_Exercise aim_.
In the records below, find the line containing "Beautiful elegant and" and the line containing "또한, 소방관 진입창". Give again exactly those lines and every line between them, omitting the pictures.

_Extracted data_.
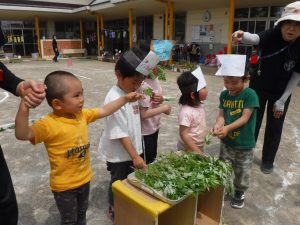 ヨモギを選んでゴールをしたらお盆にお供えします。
==
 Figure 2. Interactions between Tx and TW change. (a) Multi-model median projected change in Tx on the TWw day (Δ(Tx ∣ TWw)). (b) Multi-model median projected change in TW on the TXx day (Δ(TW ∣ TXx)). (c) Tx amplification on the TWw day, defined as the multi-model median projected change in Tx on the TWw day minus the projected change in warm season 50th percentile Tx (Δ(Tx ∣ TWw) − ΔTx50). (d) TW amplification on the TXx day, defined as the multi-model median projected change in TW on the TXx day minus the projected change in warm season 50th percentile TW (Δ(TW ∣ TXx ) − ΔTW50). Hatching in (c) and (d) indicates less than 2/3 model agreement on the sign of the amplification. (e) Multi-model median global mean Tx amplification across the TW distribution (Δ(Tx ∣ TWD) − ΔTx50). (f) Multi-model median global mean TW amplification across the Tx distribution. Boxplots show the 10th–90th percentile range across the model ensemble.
--
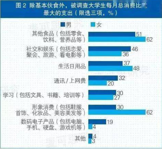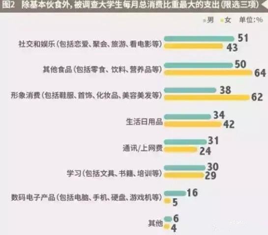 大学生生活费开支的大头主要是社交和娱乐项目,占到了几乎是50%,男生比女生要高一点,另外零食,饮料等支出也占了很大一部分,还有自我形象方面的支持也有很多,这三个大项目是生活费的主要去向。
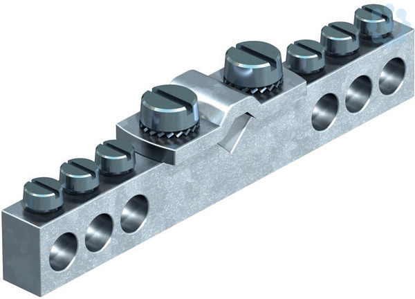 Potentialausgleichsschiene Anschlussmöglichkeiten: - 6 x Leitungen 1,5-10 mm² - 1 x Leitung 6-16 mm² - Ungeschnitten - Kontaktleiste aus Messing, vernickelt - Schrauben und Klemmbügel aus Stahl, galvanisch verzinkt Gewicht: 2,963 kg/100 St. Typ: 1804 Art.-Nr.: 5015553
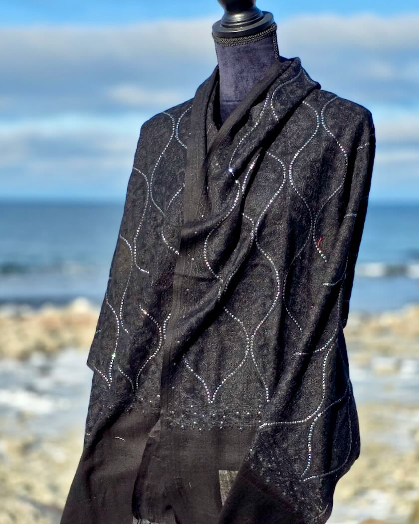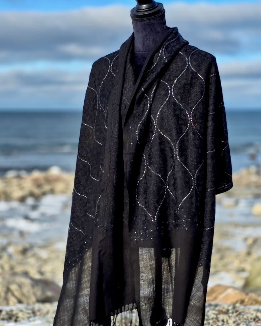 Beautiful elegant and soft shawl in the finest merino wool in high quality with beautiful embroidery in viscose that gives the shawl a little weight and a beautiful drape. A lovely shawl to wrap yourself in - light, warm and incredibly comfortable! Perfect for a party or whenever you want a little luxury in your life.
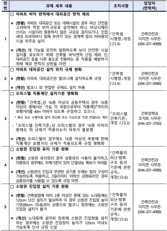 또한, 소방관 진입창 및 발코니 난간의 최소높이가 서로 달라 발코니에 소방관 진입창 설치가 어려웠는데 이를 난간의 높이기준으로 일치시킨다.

_Solution below_.
 Beautiful elegant and soft shawl in the finest merino wool in high quality with beautiful embroidery in viscose that gives the shawl a little weight and a beautiful drape. A lovely shawl to wrap yourself in - light, warm and incredibly comfortable! Perfect for a party or whenever you want a little luxury in your life.
 또한, 소방관 진입창 및 발코니 난간의 최소높이가 서로 달라 발코니에 소방관 진입창 설치가 어려웠는데 이를 난간의 높이기준으로 일치시킨다.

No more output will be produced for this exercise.